Ржевский вполголоса подозвал ординарца:
- Пробеги по роте, передай приказ: приготовить оружие, запасные диски, гранаты. Быть наготове! И не шуметь!
А через минуту на развилке, где сошлись колонны, полыхнула стрельба. Длинные, заливистые автоматные очереди частящих ППШ, короткое тарахтение немецких автоматов, звонкие разрывы "лимонок" и хлопки "толкушек" катились в сторону роты.

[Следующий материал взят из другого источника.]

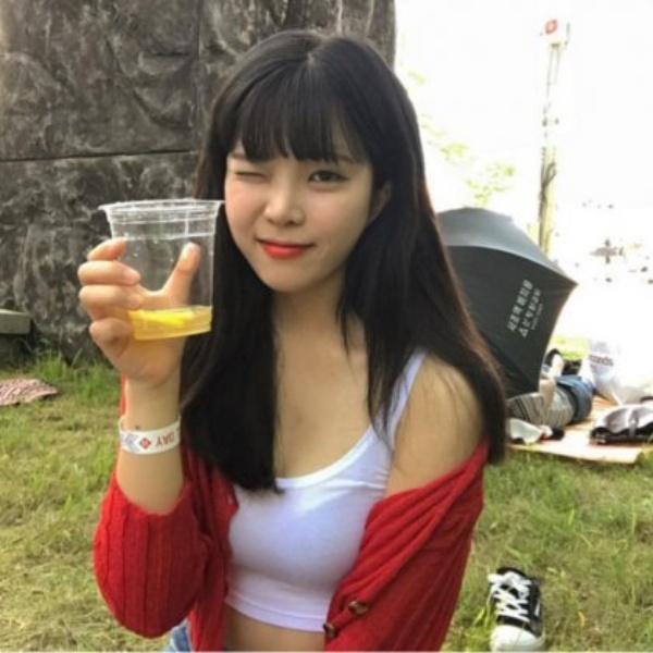 5)컵을 들고 윙크를 하며 상큼한 이미지를 뽐내는 아이유 느낌
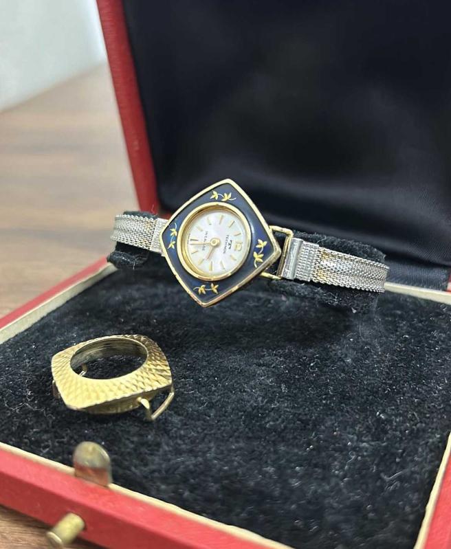 KOMPLE GÜMÜŞ KORDONLU ALTIN MİNELİ KURMALI KADIN KOL SAATİ başlıklı antika/koleksiyon objesi Avrupa menşe’lidir. 1940 sonrası dönemine aittir.
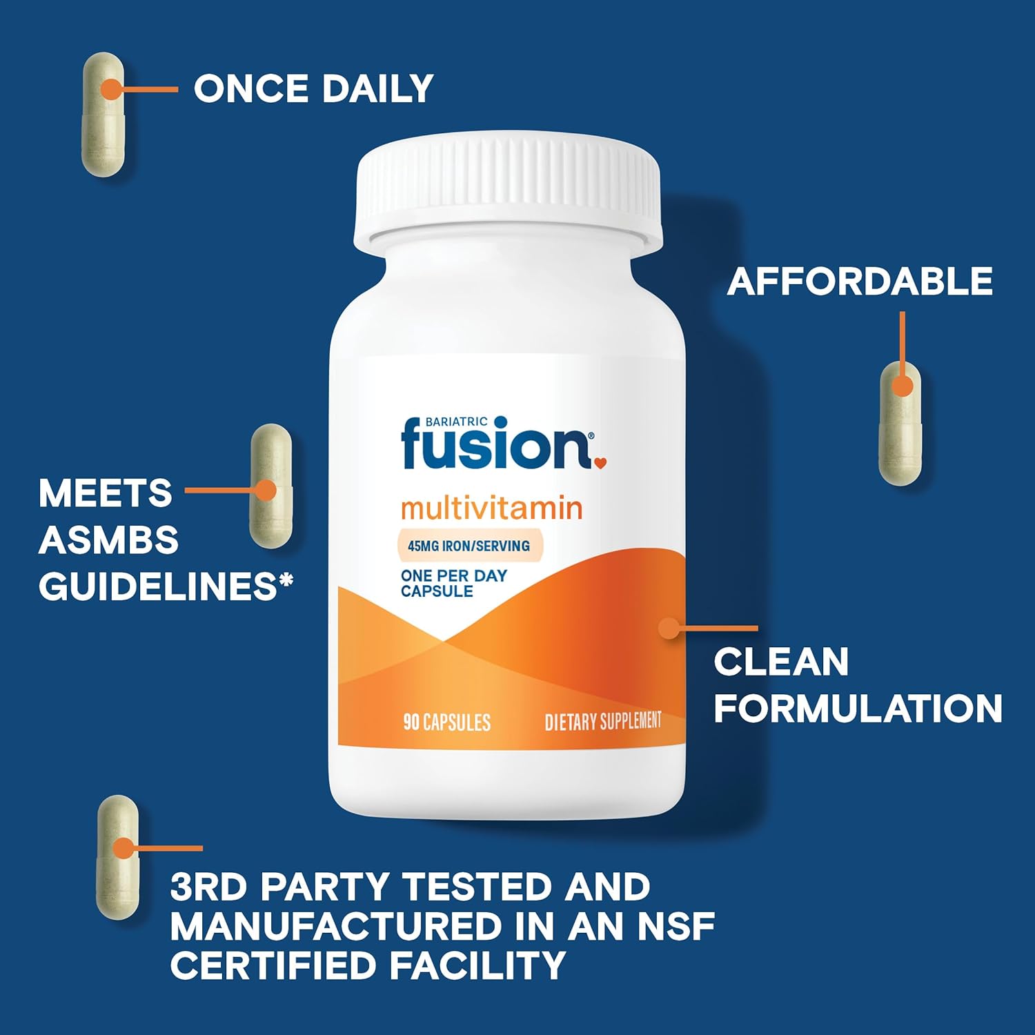About this item Premium Bariatric Multivitamin with Iron for Women and Men: A one per day daily bariatric multivitamin with Iron for Bariatric Patients. Each capsule contains the highest amounts of 21 Bariatric specific essential vitamins and minerals required after bariatric surgery that meets or exceeds ASMBS guidelines. Easy Daily Regimen: Only One per day easy to swallow Bariatric Vitamin for post WLS Patients. This a great Supplement option for those looking to avoid chalky bariatric multivitamin chewables, gummy vitamins, liquid vitamins and melts. Bariatric multivitamin with iron for women and men. Each capsule contains 45mg Iron, Vitamin D, Biotin, Zinc, Copper, Vitamin B12 and more. Affordable: Our Fusion Vitamins for Bariatric Patients comes in sizes of 1, 3, and 12 Month options. For customers who know that they want an easy daily vitamin, we have the best options for you. We believe a daily multi should be affordable for all bariatric patients. Each bottle is sugar and gluten free. Formulated by a Bariatric Team: Bariatric surgery must haves designed for maximum absorption by a bariatric surgical team. Over15 years experience has helped us develop the best bariatric products on the market. Designed specifically for gastric bypass, sleeve gastrectomy, duodenal switch, and lap band patients for maximum absorption.* Brand You Trust: Bariatric Fusion was founded by a Bariatric Practitioner over 15 Years ago. Our goal has been to create a simple, great tasting, and affordable daily vitamin regimen for bariatric patientsā post-surgery. We are committed to providing the highest quality bariatric vitamins. Our products are Made in the USA from globally-sourced ingredients in GMP certified facilities. āŗ See more product details,Premium Bariatric Multivitamin with Iron for Women and Men: A one per day daily bariatric multivitamin with Iron for Bariatric Patients. Each capsule contains the highest amounts of 21 Bariatric specific essential vitamins and minerals required after bariatric surgery that meets or exceeds ASMBS guidelines,Easy Daily Regimen: Only One per day easy to swallow Bariatric Vitamin for post WLS Patients. This a great Supplement option for those looking to avoid chalky bariatric multivitamin chewables, gummy vitamins, liquid vitamins and melts. Bariatric multivitamin with iron for women and men. Each capsule contains 45mg Iron, Vitamin D, Biotin, Zinc, Copper, Vitamin B12 and more,Affordable: Our Fusion Vitamins for Bariatric Patients comes in sizes of 1, 3, and 12 Month options. For customers who know that they want an easy daily vitamin, we have the best options for you. We believe a daily multi should be affordable for all bariatric patients. Each bottle is sugar and gluten free,Formulated by a Bariatric Team: Bariatric surgery must haves designed for maximum absorption by a bariatric surgical team. Over15 years experience has helped us develop the best bariatric products on the market. Designed specifically for gastric bypass, sleeve gastrectomy, duodenal switch, and lap band patients for maximum absorption,Brand You Trust: Bariatric Fusion was founded by a Bariatric Practitioner over 15 Years ago. Our goal has been to create a simple, great tasting, and affordable daily vitamin regimen for bariatric patientsā post-surgery. We are committed to providing the highest quality bariatric vitamins. Our products are Made in the USA from globally-sourced ingredients in GMP certified facilities
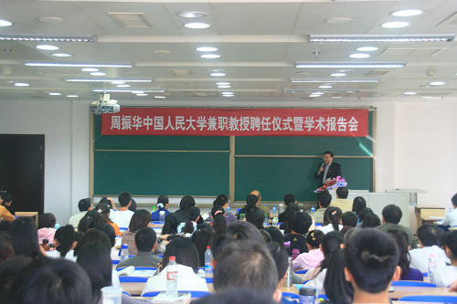 上海市人民政府发展研究中心主任周振华受聘人民大学兼职教授并在抖音黑料 发表演讲
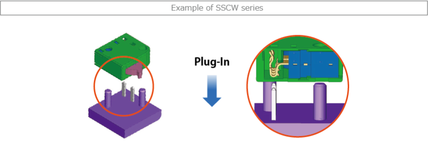 SSCW and SSCL Series have a connector terminal (female), allowing connection simply by inserting the terminal (solderless).
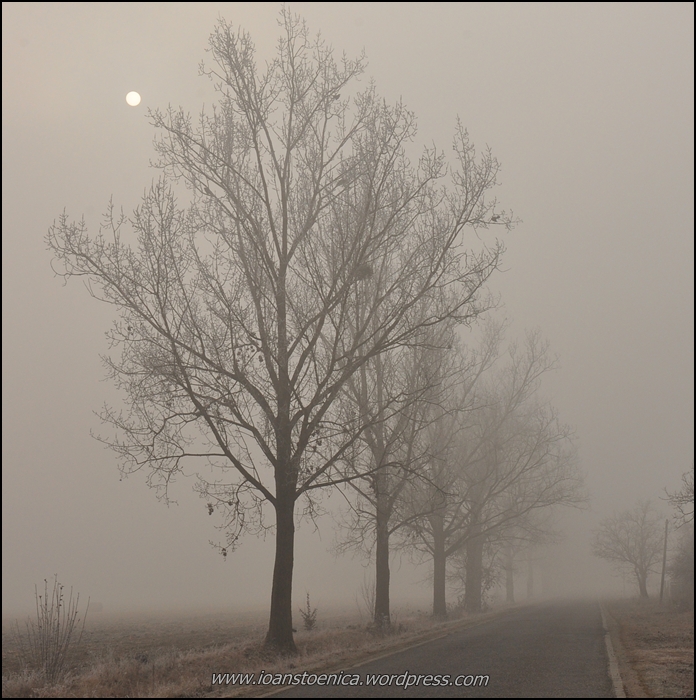 drumul ce duce spre orasul victoria este invaluit in ceata diminetii.
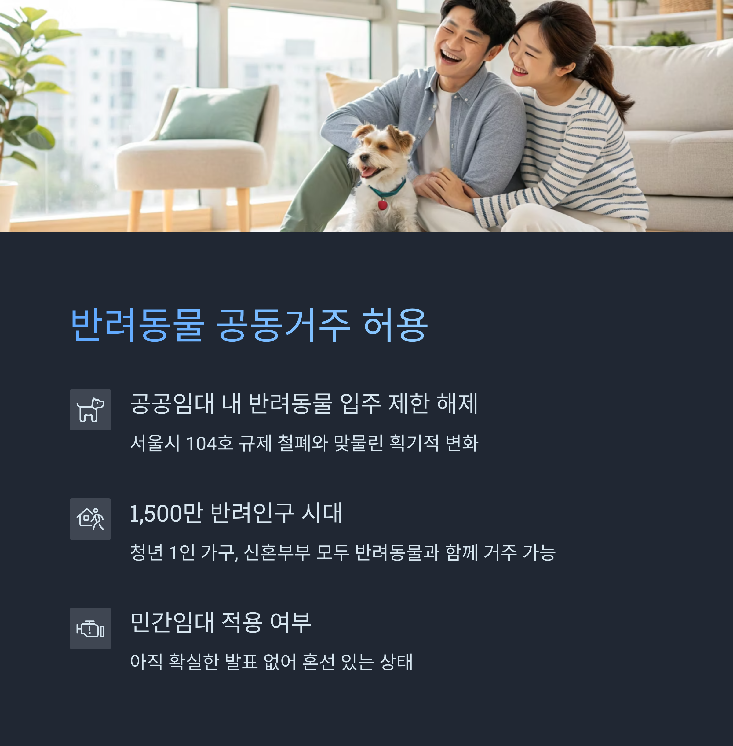 그중에서도 가장 큰 이슈는 바로 반려동물과의 공동거주 허용! 저도 이 소식 듣고 정말 깜짝 놀랐습니다.
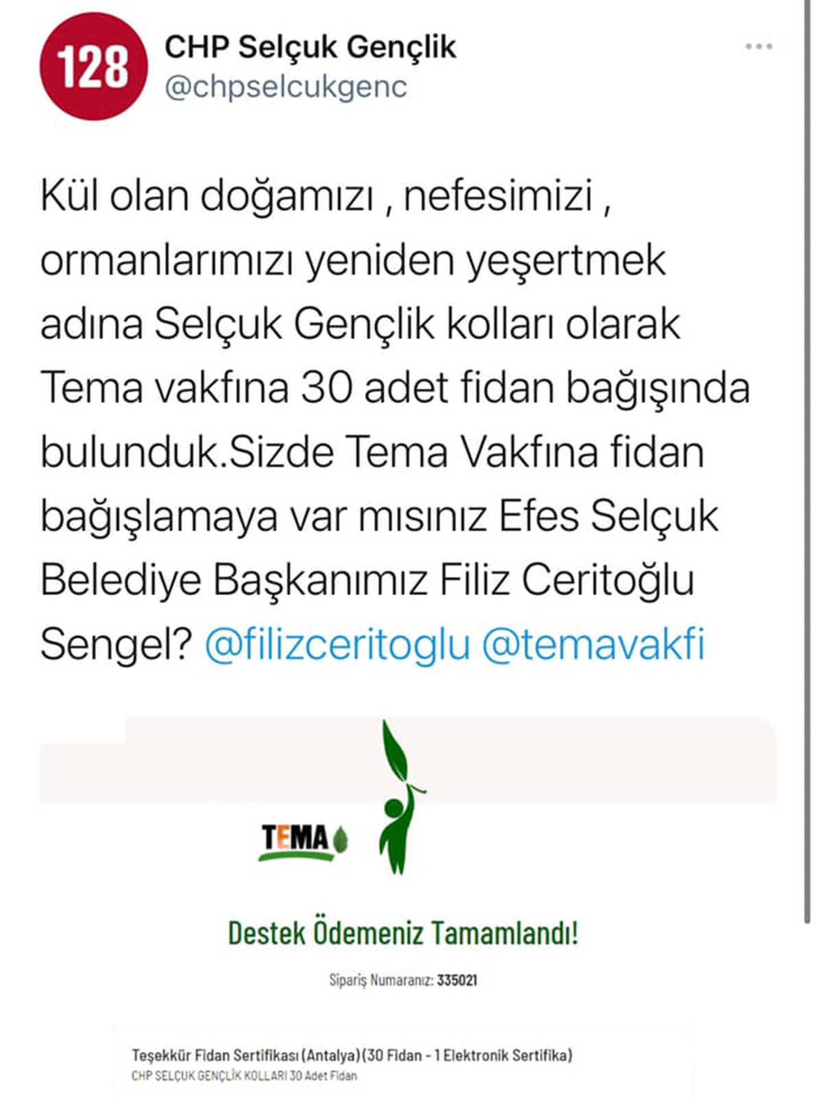 Kısa sürede hızla büyüyen kampanyanın çağrısı üzerine kızı Nefes adına 100 fidan bağışı yapan Efes Selçuk Belediye Başkanı Filiz Ceritoğlu Sengel, "#ŞahinAkdemir ve tüm yitip giden canlara. Gelecek, gençlerin; bize düşen, geleceğe nefes olmak" diyerek, bu kampanyaya CHP İlçe Başkanı Mehmet Karanfil, CHP İzmir İl Başkan Yardımcısı İpek Onbaşıoğlu, CHP İlçe Yönetim Kurulu Üyeleri ve Belediye Meclis Üyelerini davet etti. Cumhuriyet Halk Partisi (CHP) Selçuk Gençlik Kollarının başlattığı fidan bağışı kampanya zinciri giderek büyüyor.
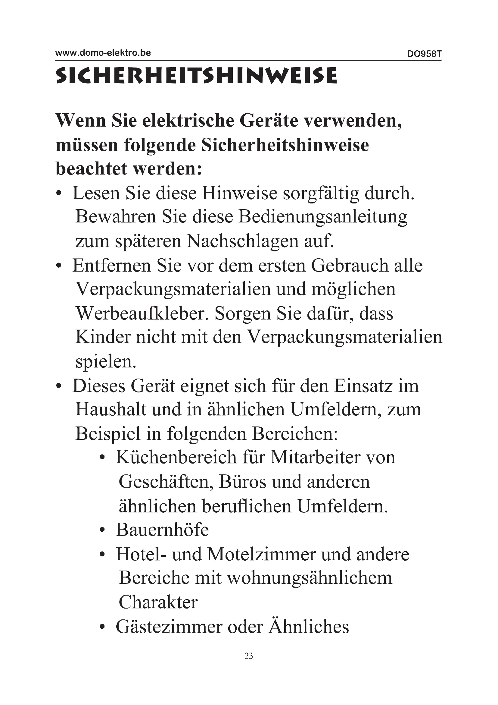 BEDIENUNGSANLEITUNG DO958T DOMO
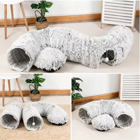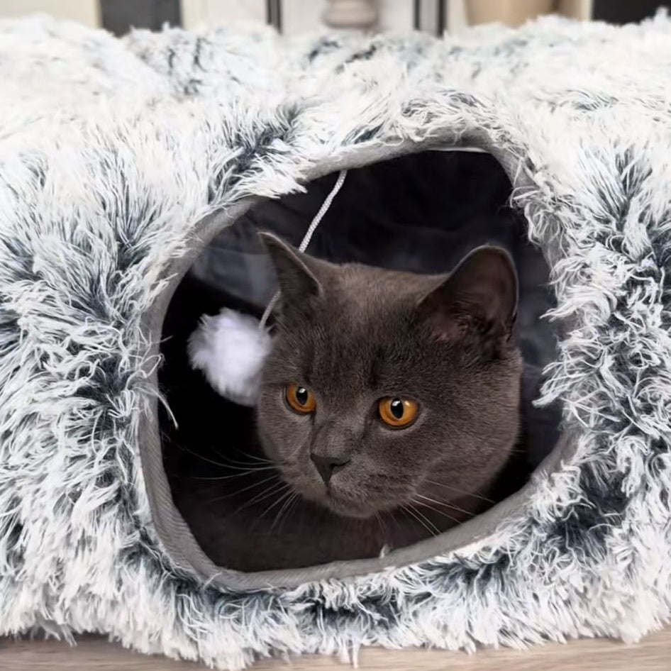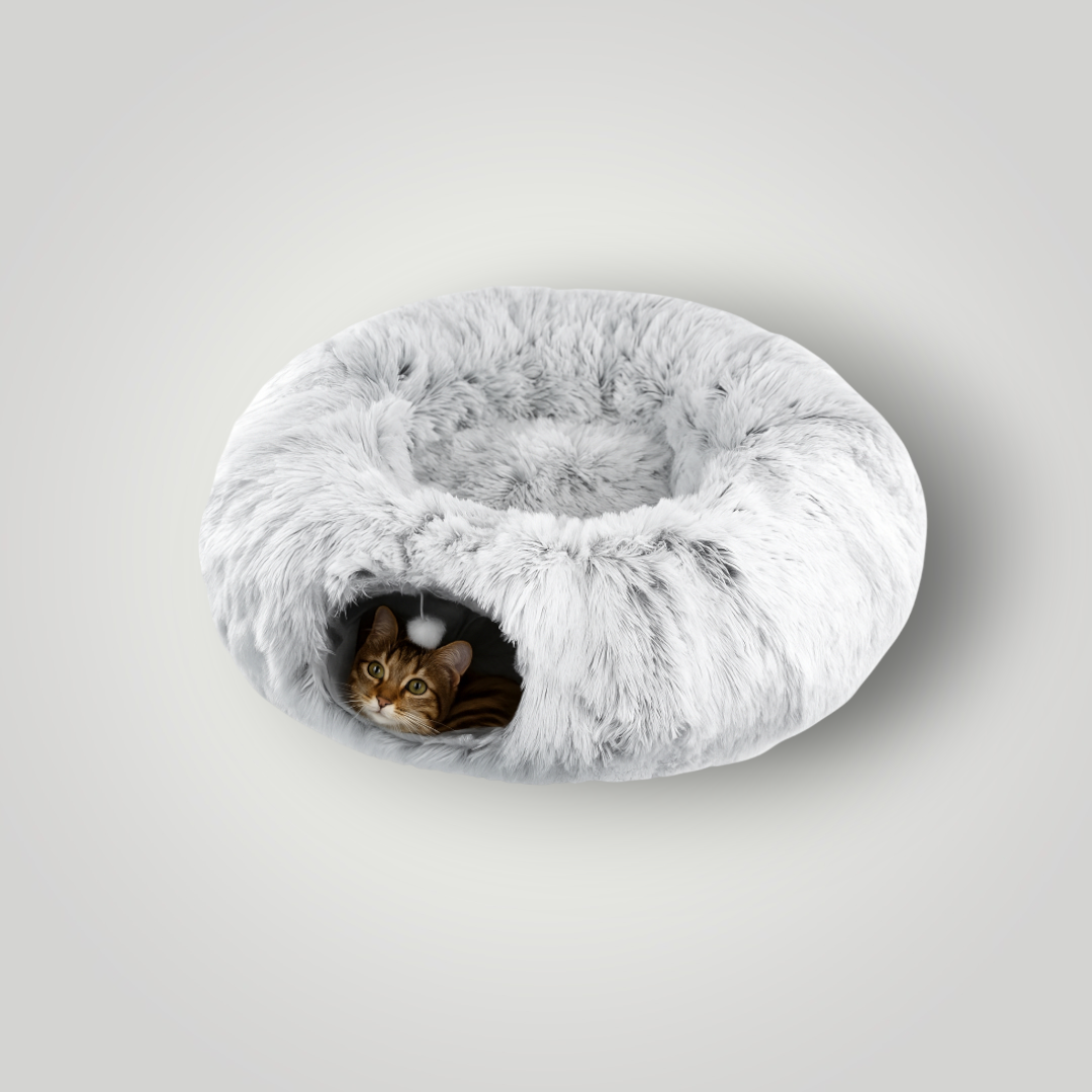 Die Flauschhöhle ist das perfekte 2-in-1 Katzenbett für Entspannung und Spielspaß. Ob zum Kuscheln, Schlafen oder Verstecken – der weiche Plüschstoff sorgt für Geborgenheit und Wärme, während der integrierte Tunnel zum Spielen und Erkunden einlädt. Ideal für Katzen, die Komfort und Abenteuer gleichermaßen lieben.

Ржевский скомандовал "Огонь!" и соскочил с лошади, встал за ней. На двадцати метрах даже его ТТ был вполне достойным оружием, но капитан предпочел следить за ходом скоротечного боя. Когда ночью одновременно работают сотни автоматов, пулеметы, и завесу дождя рвут струи трассеров, вспышки взрывов и осветительных ракет, трудно управлять ротой. Но капитан старался - успел передать приказ пулеметчикам и снайперам гасить немецкие пулеметы и автоматчиков, всем - приготовиться к рукопашной. Огонь с немецкой стороны почти прекратился, стих и наш - бойцы уже прицельно искали оставшихся немцев, и даже слышно было шипение раскалённого ствола ППШ в луже рядом с упавшим раненым бойцом.
Ржевский поднял свой ТТ:
- Рота, вперёд! В атаку! ...

Схватка на дороге была злой и короткой - сопротивлялись не все из немногих уцелевших, уж слишком страшен был сосредоточенный автоматный огонь в упор. Немцы, вооруженные в основном карабинами "Маузер", не успели расстрелять и пары обойм - их просто смели с проселка. Кроме тех, конечно, кто сумел рвануть в ночь при первых выстрелах и был уже далеко.

Капитан подошел  к повозке с мешками, из которых сквозь пробоины сыпался сахарный песок и какая-то крупа.
- Рождественский! Оприходуй, будет чем роту накормить, пока кухни подтягиваются! А тут что? - Ржевский стянул мешковину.
- Нихт шиссен! Их бин больной! Я должен быть плен!  - в телеге из-за мешков приподнялся пожилой фельфебель.
- Ишь ты, в плен хочешь! А откуда русский знаешь?
- Я уже был плен в России. В ту войну, фестун Осоветц. Тот русский официр... был как вы очень похож! Официр нихт шиссен!
- Стрелял, стрелял... Только не в тебя, а в твою лошадь! Не думал - не гадал, с кем придётся встретиться. И я непременно выстрелю, если сейчас мне не ответишь!
Немец побледнел, это было заметно даже в темноте.
- Как по-немецки сказать "Стой" лошади? "Хальт" она не понимает, а каждый раз удилами останавливать вроде жалко.
У фельдфебеля отлегло, и он радостно залопотал:
- Брр, брр...
- Так это почти наше "Тпрру!" Ладно, помоги бойцам мешки перетащить, да радуйся - для тебя война кончилась.